Cowden syndrome also called as multiple hamartoma syndrome. Hamartoma are non cancerous tumour like growth found mainly in skin, mucous membranes like mouth, nasal membrane and gastrointestinal tract. People with Cowden syndrome are at high risk of breast cancer, thyroid cancer, kidney cancer and ovarian cancer. Cowden is a part of the PTEN hamartoma tumour syndrome. PTEN gene stands for “phosphatase and tensin homolog” that undergoes mutation leading to Cowden syndrome. Cowden syndrome can be categorized as both benign and cancerous tumour.
Cowden syndrome is associated with an increased risk of developing different types of cancers like breast cancer, thyroid cancer and colorectal cancer. Hematoma is also found in other diseases like Bnnayan- Riley-Ruvalcaba syndrome. Cowden syndrome is a very rare disorder. 1 in 200,000 people are known to suffer with Cowden syndrome.
Genetic changes are the leading cause of Cowden syndrome. Four genes are generally involved and are found in Cowden syndrome patients. PTEN, SDHB, SDHD and KLLN have been diagnosed in people suffering with Cowden syndrome. PTEN produces tumour suppressor gene and mutation in PTEN gene results in absence of production of PTEN protein.
Mutation in PTEN gene prevents the protein from regulatory cell proliferation. The second most important gene responsible for Cowden syndrome is KLLN gene. KLLN gene produces the protein called killin. Cownden syndrome is an inherited disorder and one copy of altered gene in each cell is sufficient to cause Cowden syndrome and Cowden syndrome can be caused by both old and new mutations.
PTEN protein is known to promote cell death. Mutation in genes results in loss of protein functions and results in over proliferation of cells resulting in hamartomatous growth.

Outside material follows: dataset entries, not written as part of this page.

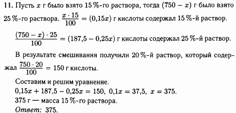 В результате смешивания 25 %-го и 15 %-го растворов серной кислоты получили 750 г 20 %-го раствора. Сколько граммов 15 %-го раствора было взято?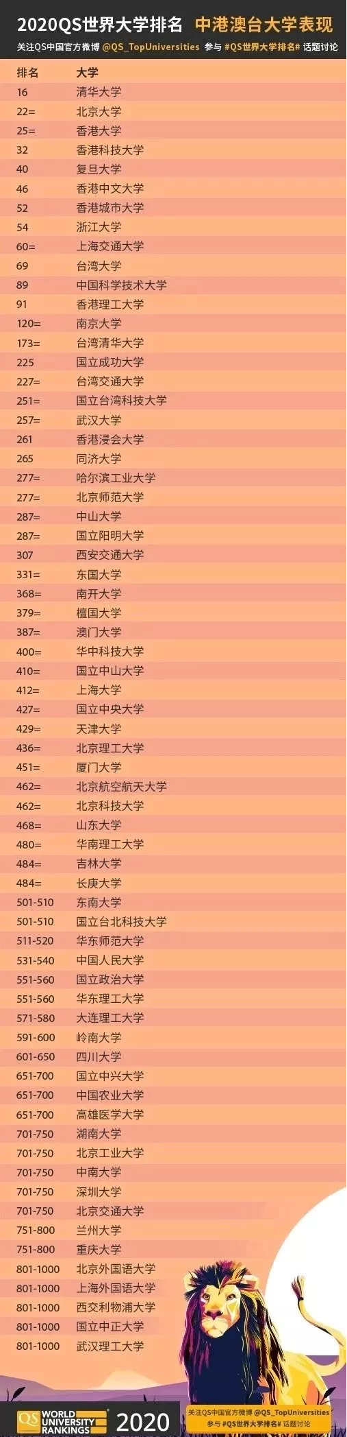 2020年QS世界大学排名揭晓,港澳台高校又一次刷新最好成绩!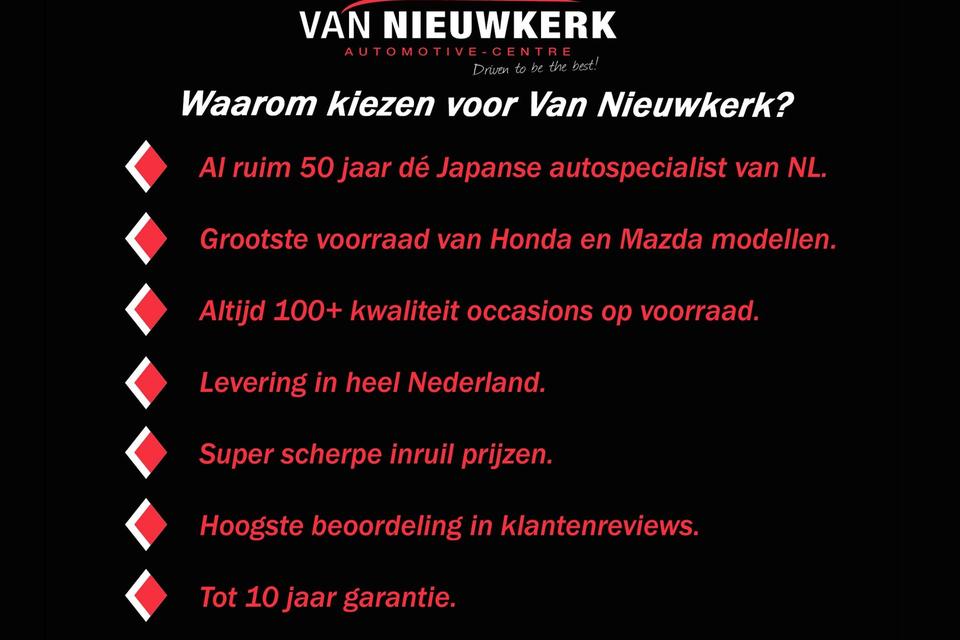 Als officieel Honda en Mazda dealer willen wij u graag naast deze basis rijklaarprijs onze verregaande service aanbieden. Hierdoor kunt u de auto aanschaffen met 3 Service & Garantiepakketten. Kijk voor meer informatie op https://honda.vannieuwkerk.nl/occasions of vraag het een van onze adviseurs.

Symptoms are different in each patient suffering with Cowden syndrome. About 90% of Cowden syndrome cases are experience in the people between 18-20 years of age. The most common symptoms include:
- Benign lesions of skin and mucosa
- Oral lesions
- Acral keratosis
- Palmoplantar keratosis
- Facial papules
More than 300 cases of Cowden syndrome have been reported globally. The symptoms are generally overlooked which results in poor diagnosis and death of the patients. Mortality rate has been increased in Cowden syndrome or multiple hamartoma syndrome patients as it is associated with increased frequency of malignant tumours.
Males and females often inherit same number of mutatated gene and these genes are referred to as autosomal dominant. Cowden syndrome is experienced in patients between 0 to 46 years of age.

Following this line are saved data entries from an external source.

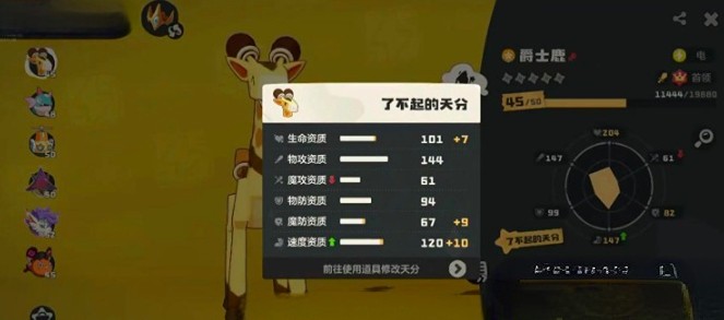爵士鹿:120+速度、110+物攻,首领进化后输出高。被动“蓄电池”保证每次入场增加20%输出,多次返场切换可打出惊人伤害。性格推荐“开朗”,提升10%速度,更易抢先手。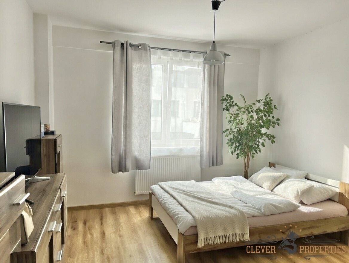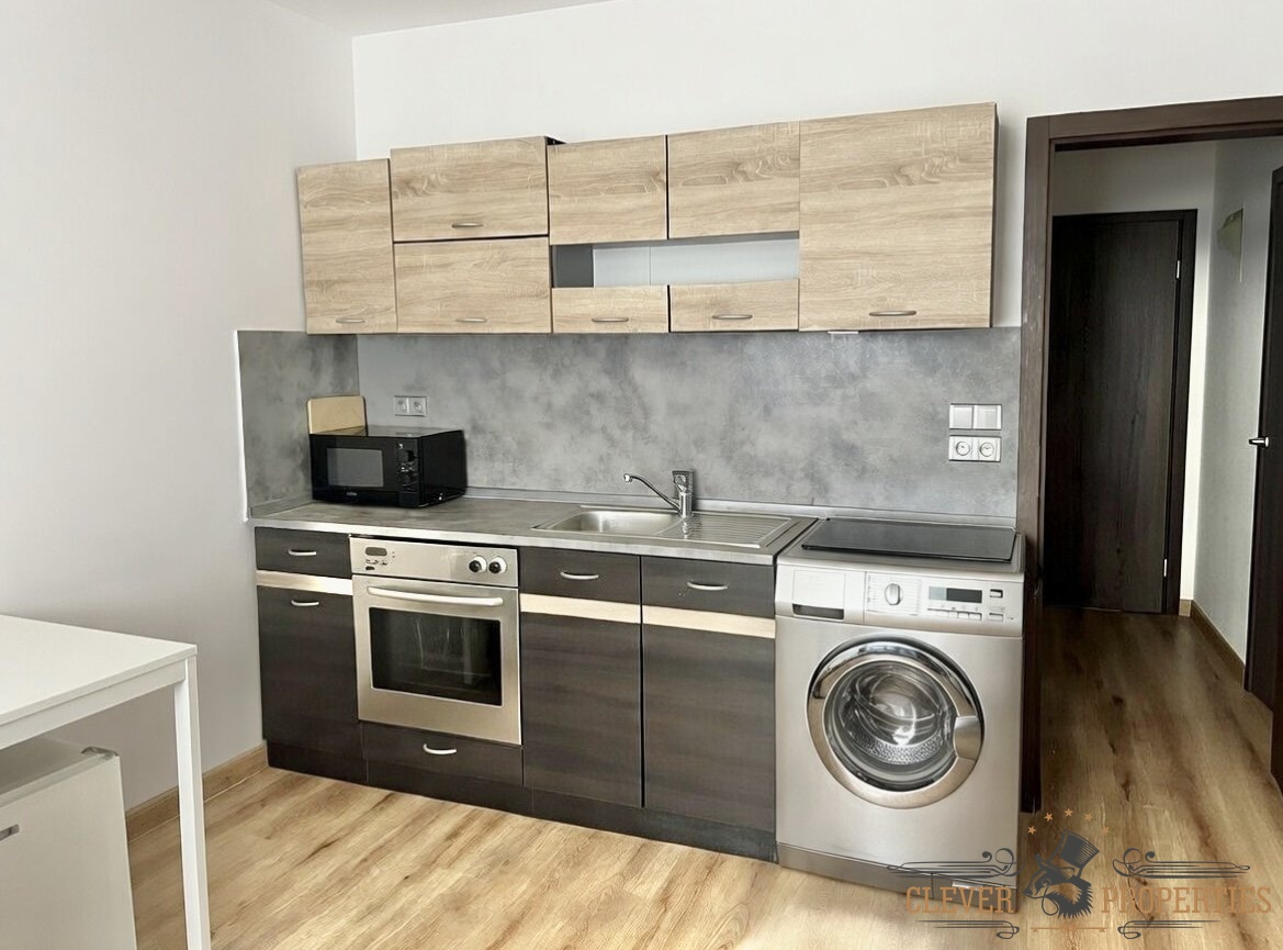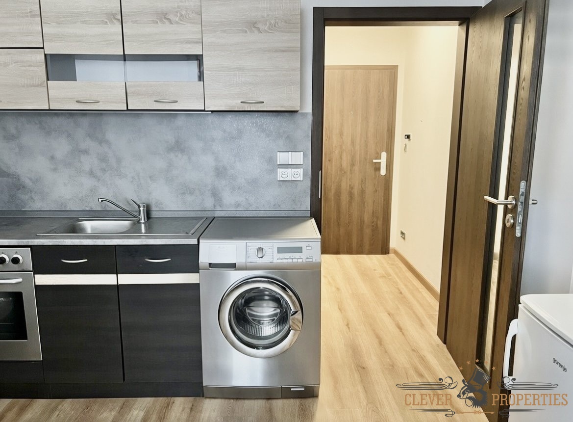 Byt má podlahovou plochu 29 m² a tvoří jej hlavní obytný prostor s dostatkem denního světla, kuchyňský kout vybavený moderní kuchyňskou linkou a koupelnu se sprchovým koutem a toaletou. Byt se pronajímá částečně vybavený - k dispozici zůstává postel, jídelní stůl se dvěma židlemi, lednice a skříňka pod televizí. Díky tomu je byt vhodný k okamžitému nastěhování, zároveň však ponechává prostor pro vlastní doladění interiéru.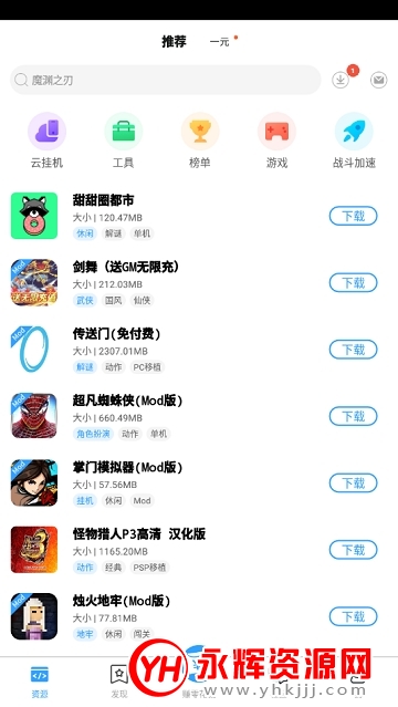 您可以轻松地获得所需的功能游戏,下载管理并了解下载的游戏资源。

Patients suffering with Cowden disease need to undergo medical and physical examination. Radiographic tests on a yearly basis should be done to check the presence of tumours.
Treatment of Cowden syndrome includes:
- Oral retinoid – Oral retinoid helps in temporarily controlling the lesions. Lesions may reappear after the treatment. Thus oral retinoid does not completely cure Cowden syndrome.
- Surgery – Surgical care can be provided in severe cases to remove the lesions. Laser techniques or laser surgery can be done to remove the lesions from the affected areas.